In March, Ron Savage shocked the music-loving world when he appeared on DJ Star's Star Chamber YouTube channel to accuse Afrika Bambaataa of sexual molestation as far back as the early 1980s. Savage later spoke, in greater detail, to the New York Daily News, and, now VICE has interviewed Savage, along with two other men who have come forward with similar accusations.
Savage describes meeting Bambaataa at a neighborhood hip-hop party in the Bronx River Houses. "To me, he was cool. He was like a god," Savage told VICE's Dave Wedge. "It was like, 'This is the guy I had always heard about.' Everybody knew who Afrika Bambaataa was back then." Savage became a "crate boy" for Bambaataa and the Zulu Nation crew, carrying records to gigs for the DJs. Savage says that Bambaataa molested him in 1980 and abused him at least four or five more times.

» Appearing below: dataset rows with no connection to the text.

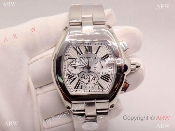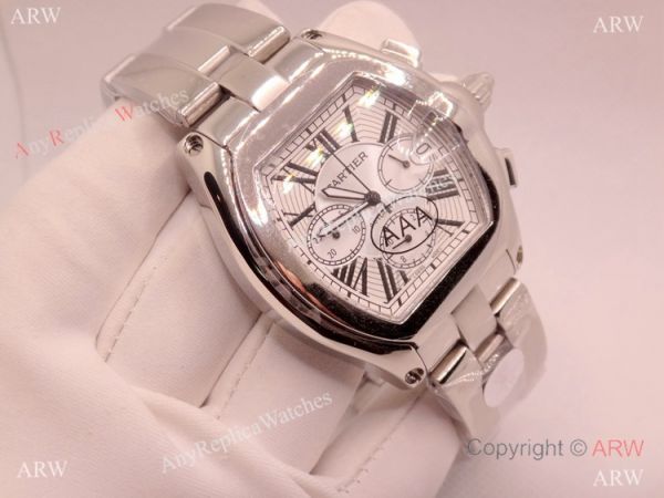 Replica Cartier Roadster Stainless Steel White Chronograph XL Men's Watch Swiss Grade Case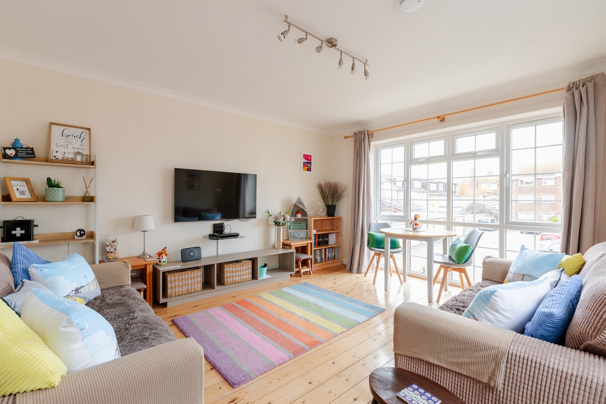 Welcome to my spacious and inviting flat, just a 2-minute stroll from the beach! A true home-away-from-home, the heart of it is the expansive kitchen and open living area, where you can unwind on plush sofas surrounded by cozy throws. It's the perfect space to relax and whip up a meal after a day of exploration. Tucked away at the back of the flat, the bedrooms offer a quiet and tranquil retreat. The natural colours and calming hues create a peaceful ambience, ensuring a restful stay.
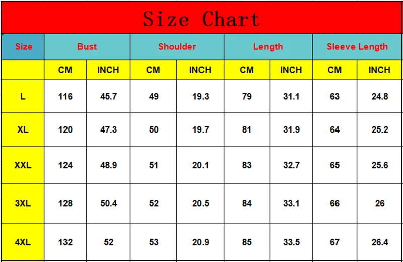 (There are 1-3cm margin of error, If you are not sure the size, Please send the information of your Height, Weight and Chest to me, I will help you choose the correct size. )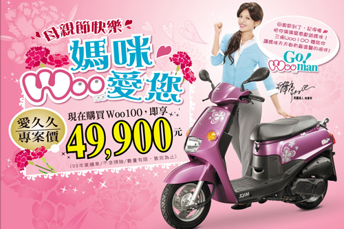Woo100美麗騎機,選在母親節這個特殊的日子推出特別優惠活動,現在買Woo100美麗騎機只要$49,900,給媽媽最美麗的支持,讓媽媽們為自己創造人生美麗奇蹟,就像美麗達人林葉亭一樣,展現獨立,走自己的路,開創屬於女人自己的美麗人生。Woo100母親節特專專案,限99年業績車不含牌險。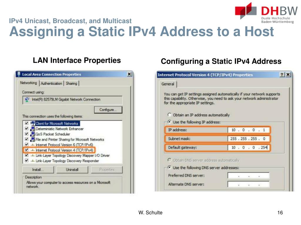 W. Schulte IPv4 Unicast, Broadcast, and MulticastAssigning a Static IPv4 Address to a Host LAN Interface Properties Configuring a Static IPv4 Address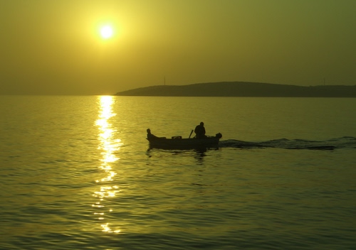Croazia, una piccola barca di pescatori guadagna lentamente il porto dopo una lunga giornata di lavoro.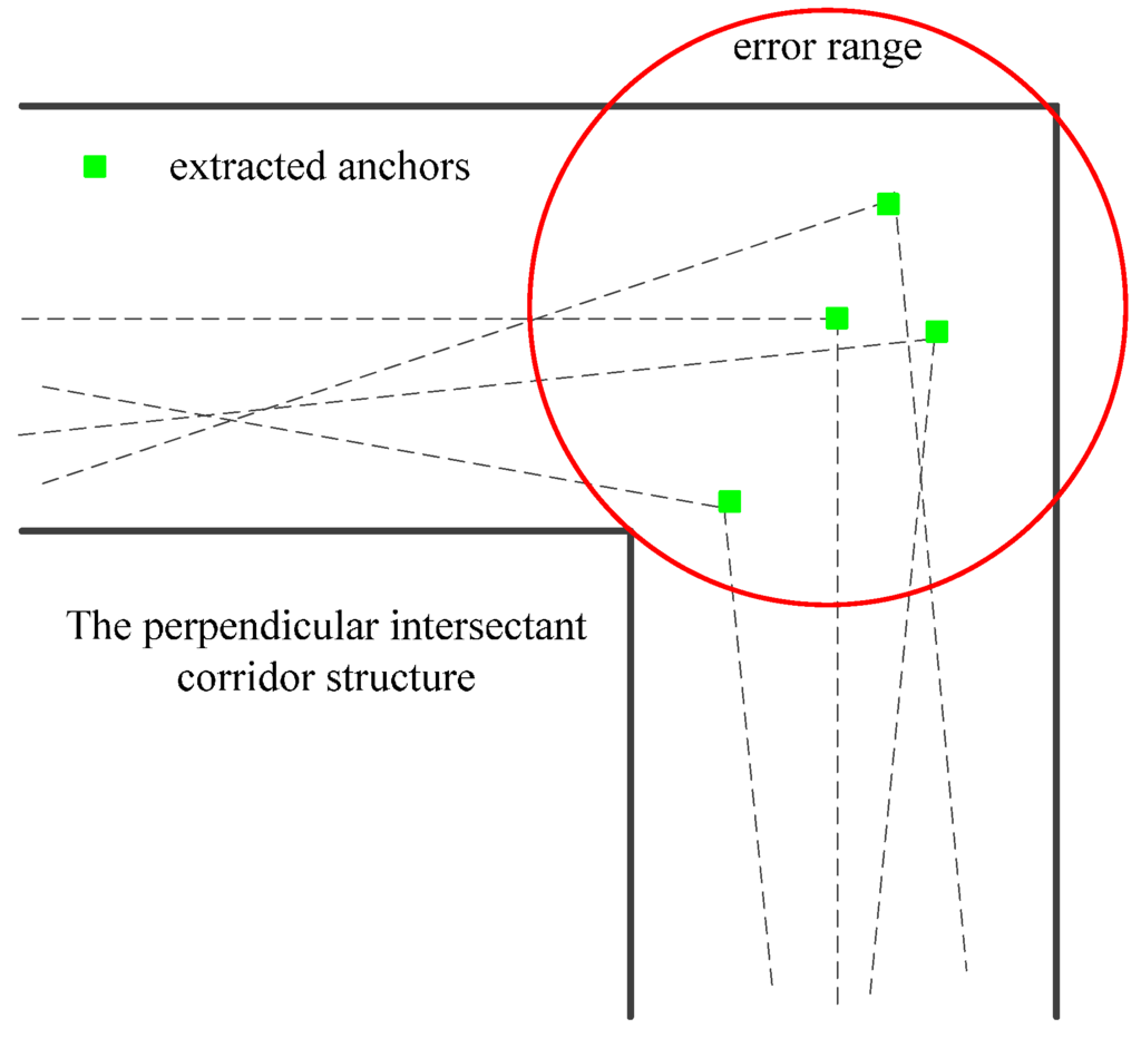 As illustrated previously, the anchors to be extracted from trajectories are not the intersecting points of the PIC structure in Figure 2b. They are “observations” of these points and are called virtual anchors, which have a one-to-one mapping relationship with real ones. They should have strong similarity to real anchors. An example of anchor extraction is shown in Figure 4. In the figure, three anchors are extracted from four corridor-walks (red segment), where the corridor-walks are identified through the trajectory segmentation scheme in Section 2.2.1. Please note that no anchors are extracted in the red dashed circle, because the partitioned line segments are not long enough to be deemed corridor-walks. Now we magnify the upper anchor for detail description. The anchor is extracted as the intersecting point of the extension lines (black dotted) of adjacent corridor-walks (red line segments). In addition, the adjacent corridor-walks should be very close to 90 degrees, to ensure the matching of virtual anchors and real ones. This condition is expressed in Equation (3), where denotes the angle between adjacent corridor-walks, and denotes the error tolerance from a right angle.

Hassan Campbell, and a man who is only identified by his first name "Troy" in the article, grew up in the Bronx River Houses and were also drawn to Bambaataa through the regular parties that occurred in the public housing complex. All three victims that spoke to VICE for the story claim that rumors of the abuse had been common knowledge in the Bronx for decades. They also told Wedge of "a decades-long cover-up by the Zulu Nation and a hidden network of victims whose lives were allegedly haunted by death threats, suicides, drug abuse, and violence."